As a final introductory note, we define the odds as \(\dfrac{p_i}{1-p_i}\).

5.2.2 Fit a Logistic Regression Model

To fit a logistic regression model, we can use the glm function:

mod <- glm(y ~ width, family = binomial, data = crabs)

The first input is the regression formula (Response ~ Predictor), the second input indicates we have a binary response, and the third input is the data frame. To find the regression coefficients (i.e. the estimates of \(\beta_0\) and \(\beta_1\)), we can use the coef command

coef(mod)
## (Intercept)       width 
## -12.3508177   0.4972306

We can now enter these estimates into our logistic regression equation, just as we did in the simple linear regression setting. Our logistic regression equation is \[ \log \left( \dfrac{p_i}{1-p_i} \right) = 12.3508 + 0.4972 \; \text{width}_i, \] where \(\text{width}_i\) is the width of a female crab’s carapace shell and \(p_i\) is her probability of having one or more satellites.

5.2.3 Interpret the Model

To do some basic interpretation, let’s focus on the predictor’s coefficient: 0.4972. First, notice this is a positive number. This tells us that wider crabs have higher chances of having one or more satellites. If the predictor’s coefficient were zero, there would be no linear relationship between the width of a female’s shell and her log odds of having one or more satellites. If the predictor’s coefficient were negative, then wider crabs would have lower chances of having one or more satellites.

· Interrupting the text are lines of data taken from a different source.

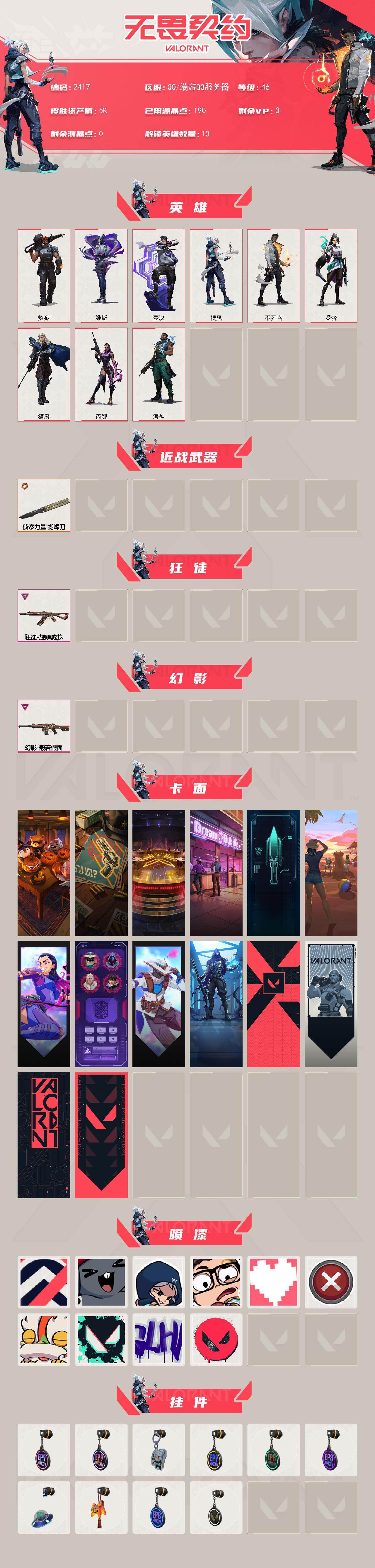 [16351758]【英雄】:炼狱,维斯,壹决,捷风,不死鸟,贤者,猎枭,芮娜,海神 【近战武器】:近战武器-侦察力量 蝴蝶刀 【狂徒】:狂徒-耀鳞威龙 【幻影】:幻影-般若假面 【卡面】:南瓜盛典 卡面,正义的化身 卡面,最高舞台 卡面,梦幻奶茶 卡面,零点嗅探设计图 卡面,沙雕爆能器 卡面,无畏契约go!第一卷:芮娜 卡面,清除名单 卡面,无畏契约go!第一卷:零 卡面,暗呛 卡面,代号红色 卡面,新兵报到 卡面,v契约 卡面,无畏契约 卡面 【喷漆】:控场勿近 喷漆,超级粉丝 喷漆,捷风差距 喷漆,新潮流 喷漆,双击点赞 喷漆,买装还是存钱 喷漆,醒狮贺春 喷漆,胜利属于无畏契约 喷漆,glhf 喷漆,无畏契约 喷漆 【挂饰】:第九季//第三幕 纪念币 挂饰,第九季//第二幕 纪念币 挂饰,袖珍捷风 挂饰,第九季//第一幕 纪念币 挂饰,第八季//第三幕 纪念币 挂饰,第八季//第二幕 纪念币 挂饰 ,天外飞客 挂饰,好运福爪 挂饰,第八季//第一幕 纪念币 挂饰,无畏契约 纪念币 挂饰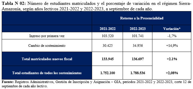 Por otro lado, en la tabla n 02, se puede observar la matrícula de estudiantes en el régimen sierra-amazonía en los meses de septiembre de los años lectivos 2021-2022 y 2022-2023.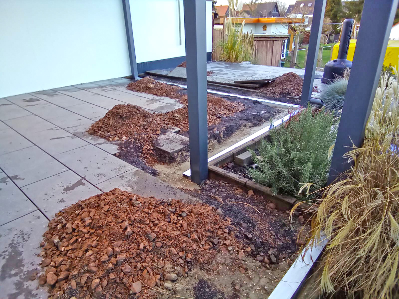 Baumaße des Terrassendachs: Regenrinne UK 2630 mm, Wandprofil OK wurde 20 mm höher angesetzt. Der Terrassenboden wurde bauseits geöffnet, wir von Terrassendach-Händler.de setzen alle Fundamente samt Unterkonstruktion. Die Terrasse hat einen Versatz in der Tiefe (Sonderkonstruktion Rinnenversatz)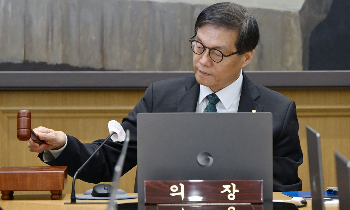 이창용 한국은행 총재가 28일 서울 중구 한국은행에서 열린 금융통화위원회에서 의사봉을 두드리고 있다. 뉴시스 |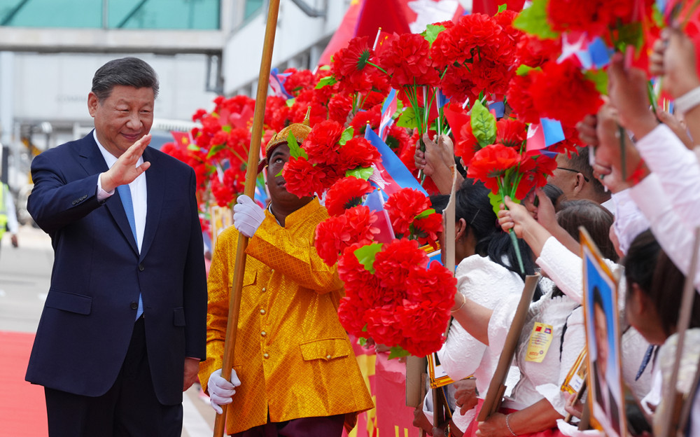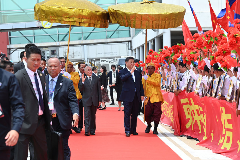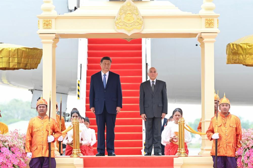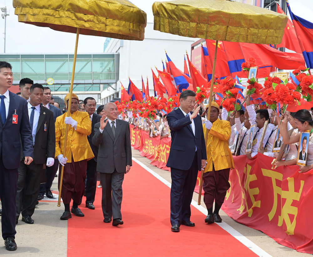 His Majesty Preah Bat Samdech Preah Boromneath Norodom Sihamoni, King of Cambodia, hosts a grand welcome ceremony of H.E. Xi Jinping, President of the People’s Republic of China, at Phnom Penh International Airport this morning.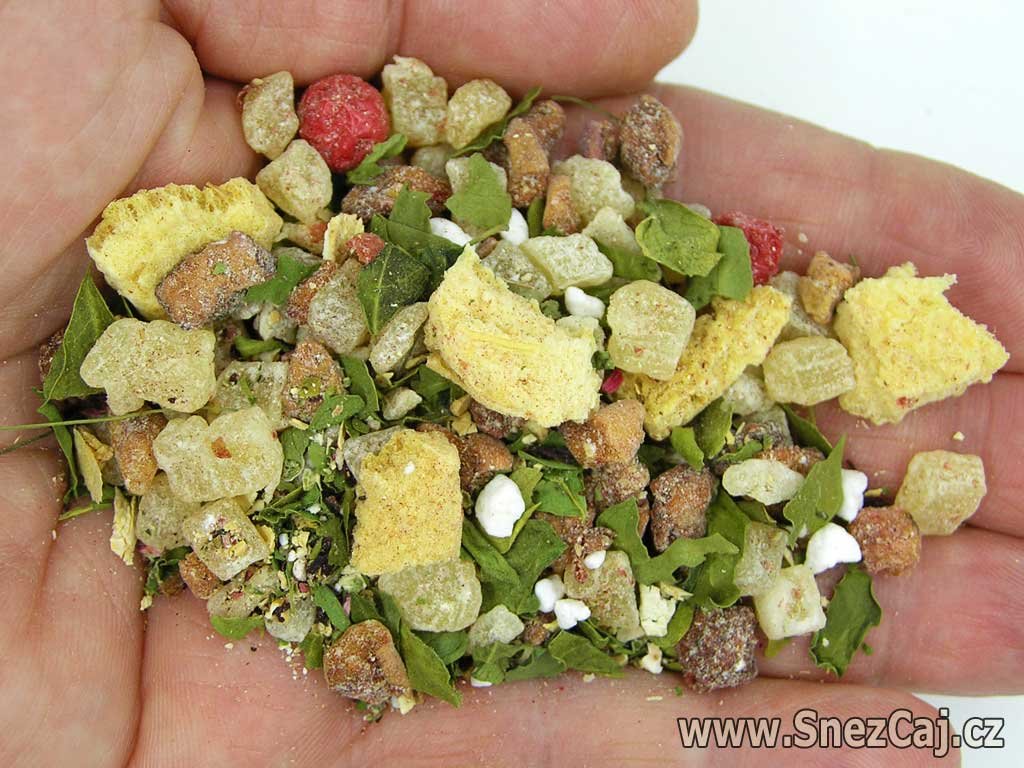 hmotnost (netto) a balení: 100 g (-3 %), třívrstvý, opakovatelně použitelný sáček se zipem (vložen silikagel, jež se nejí)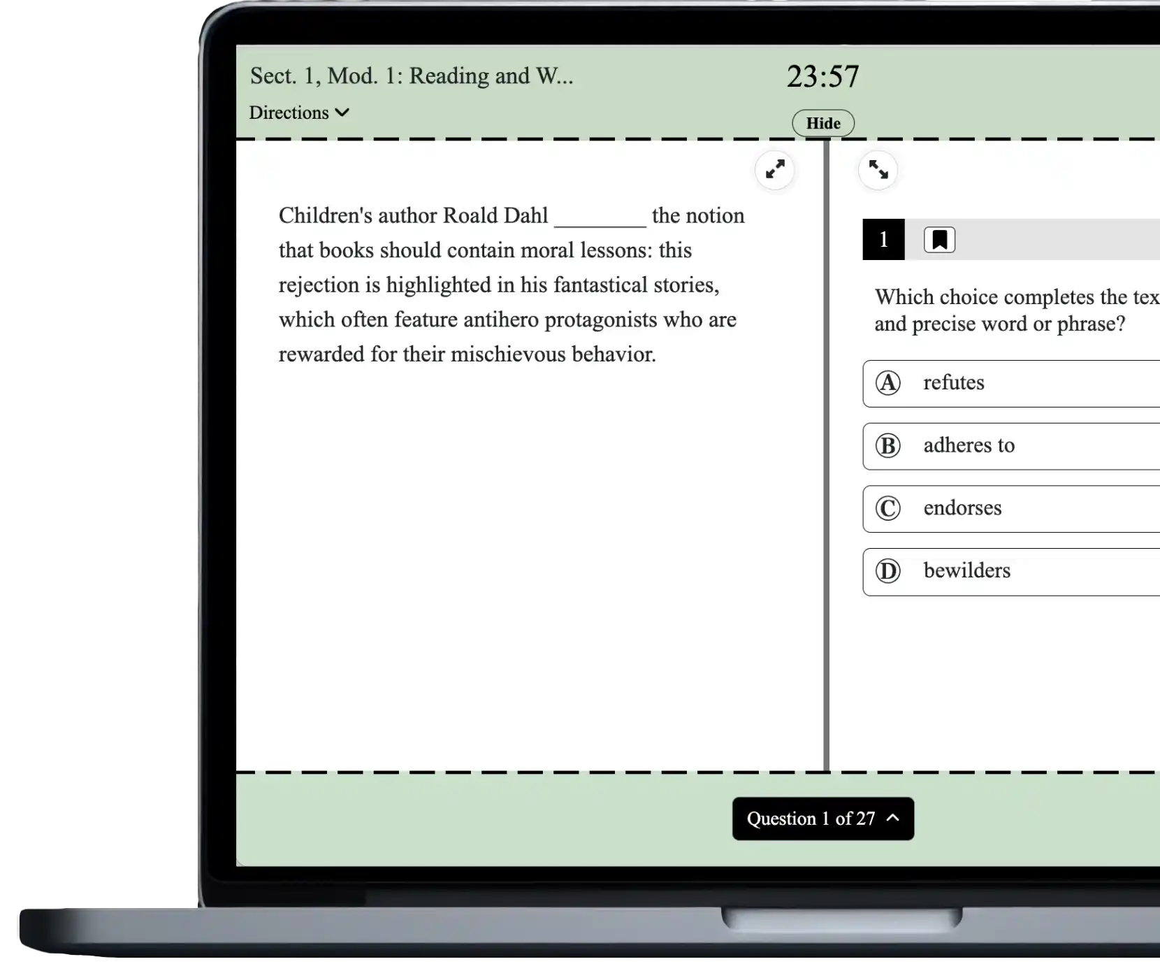 Resolve Prep offers the eight highest quality digital SAT tests on the market. Each test is meticulously designed to mirror the official SAT in both format and difficulty. Our tests are the perfect way to simulate the real test experience.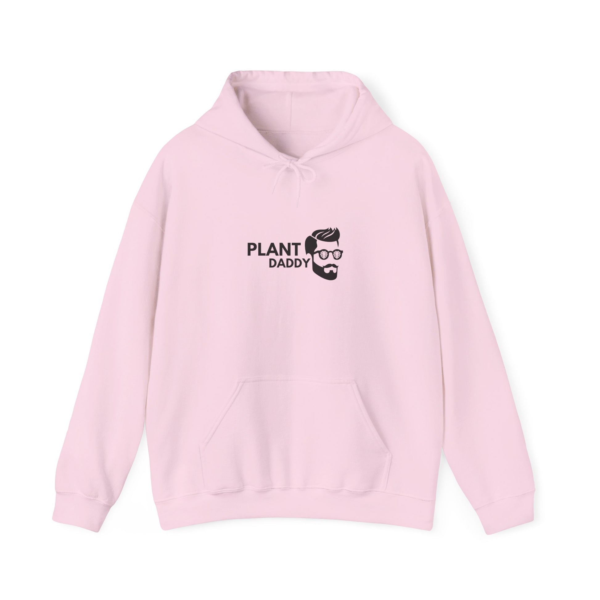 Across the front, this hoodie sports the phrase 'plant daddy,' paired with a quirky sketch of a bearded fellow sporting Monstera leaf glasses. It's a fun, comfy way to wear your title of top plant caretaker.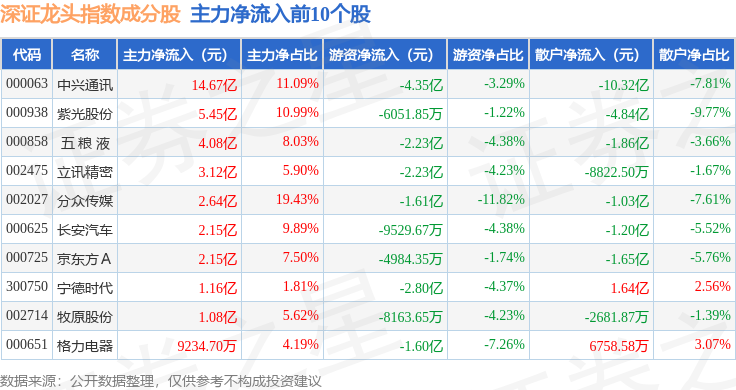 资金流向方面,深证龙头(399653)指数成份股当日主力资金净流入合计5.21亿元,游资资金净流出合计10.87亿元,散户资金净流入合计5.66亿元。成份股资金流向详情见下表: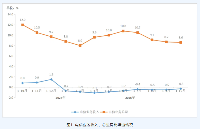 具体来看,2025年1-10月上海市电信业务收入累计完成597.1亿元,同比降低0.3%,低于全国平均增速(0.9%)。按照上年不变单价计算的电信业务总量为543.9亿元,同比增长8.6%,低于全国平均增速(9.0%)。同时,2025年1-10月上海市电信利润总额累计达到96.6亿元,同比增长6.9%。电信利润增幅呈现收窄。

5.2.4 Calculate Probabilities

Let’s use our model for a female crab with a carapace shell that is 25 centimeters in width. (Note: this crab’s shell width is within the range of our data set.) We start by simply substituting this crab’s width into our regression equation: \[\begin{align*} \log \left( \dfrac{p_i}{1-p_i} \right) &= -12.3508 + 0.4972 \; \text{width}_i \\ &= -12.3508 + 0.4972 * 25 \\ &= 0.0792. \end{align*}\]

We could say that the log odds of a 25 cm female having satellites is about 0.0792, but let’s make this more interpretable to everyday humans by translating this to a probability. We use a little algebra to solve for \(p_i\):

\[\begin{align*} \log \left( \dfrac{p_i}{1-p_i} \right) &= 0.0792 \\ \Rightarrow \left( \dfrac{p_i}{1-p_i} \right) &= \exp(0.0792) \\ \Rightarrow p_i &= \dfrac{\exp(0.0792)}{1+\exp(0.0792)} \\ &= 0.5198 \end{align*}\]

Here is our interpretation: the probability of a 25 cm wide female crab having one of more satellites is about 0.5198.

5.2.5 Test a Regression Coefficient

An essential question in regression is “Does this predictor actually help us predict the response?” In other words, we want to know whether there really is a relationship between our predictor and our response.

In the context of the crabs, we want to know whether the carapace width really does have a linear relationship with the log odds of satellites.

  • The null hypothesis is that her carapace width has no linear relationship to her log odds of having satellites.
  • The alternative hypothesis is that her carapace width has a linear relationship to her log odds of having satellites.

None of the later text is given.